1. Calculate the z-score:
The z-score formula is:
z = (x - μ) / σ
where x is the value we are interested in (1950 kilowatt-hours), μ is the mean (1650 kilowatt-hours), and σ is the standard deviation (320 kilowatt-hours).
z = (1950 - 1650) / 320
z = 300 / 320
z = 0.9375
2. Find the corresponding cumulative probability:
We need to find the area under the normal curve to the left of the z-score. We can use a table or use a calculator to find this probability.
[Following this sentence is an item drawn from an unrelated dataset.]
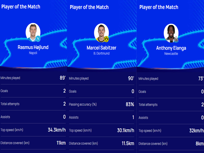 先望望全场最好,字据欧足联官网发布的信息,来自那不勒斯的霍伊伦,多特蒙德的萨比策,还有纽卡斯尔的埃兰加,三名曼联旧将,赛后皆被评比为全场最好。同期,三支球队均迎来欧冠的首场得手,首轮补时连丢两球,失去2分的多特蒙德,依然高潮到积分榜的前八名。
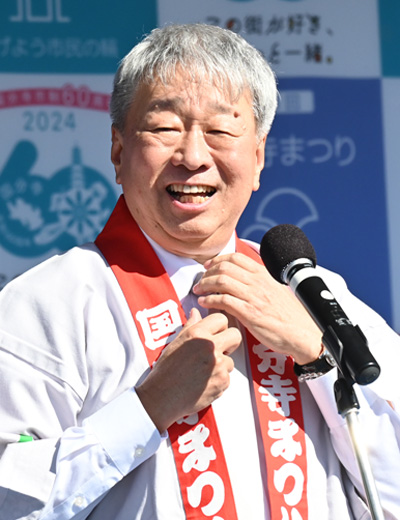 今年も姉妹都市の新潟県佐渡市に加え、友好都市の長野県飯山市の催しや模擬店の出店があり開場が盛り上がりました。ちなみに、下の画像は、国分寺市長、姉妹都市の市長、友好都市の市長の画像とお名前です。 姉妹都市:佐渡市と友好都市:飯山市 トップへ 農業まつり トップへ

Let's use a calculator.
Using a calculator or software, we can find that the cumulative probability for a z-score of 0.9375 is approximately 0.8264.
So, the probability that the monthly electricity consumption during winter by a randomly selected household from this area is less than 1950 kilowatt-hours is approximately 0.8264.
b) To find the percentage of households with a monthly electricity consumption of 900 to 1300 kilowatt-hours, we need to find the z-scores for both values, calculate the cumulative probabilities, and then subtract the smaller cumulative probability from the larger cumulative probability.
1. Calculate the z-scores:
For 900 kilowatt-hours:
z1 = (900 - 1650) / 320
z1 = -3.28125
For 1300 kilowatt-hours:
z2 = (1300 - 1650) / 320
z2 = -1.09375
2. Find the corresponding cumulative probabilities:
Using a calculator or software, we can find that the cumulative probability for a z-score of -3.28125 is approximately 0.0006, and the cumulative probability for a z-score of -1.09375 is approximately 0.1368.
3. Subtract the smaller cumulative probability from the larger cumulative probability:
Percentage = (0.1368 - 0.0006) * 100
Percentage = 0.1362 * 100
Percentage = 13.62
So, approximately 13.62% of the households in this area have a monthly electricity consumption of 900 to 1300 kilowatt-hours.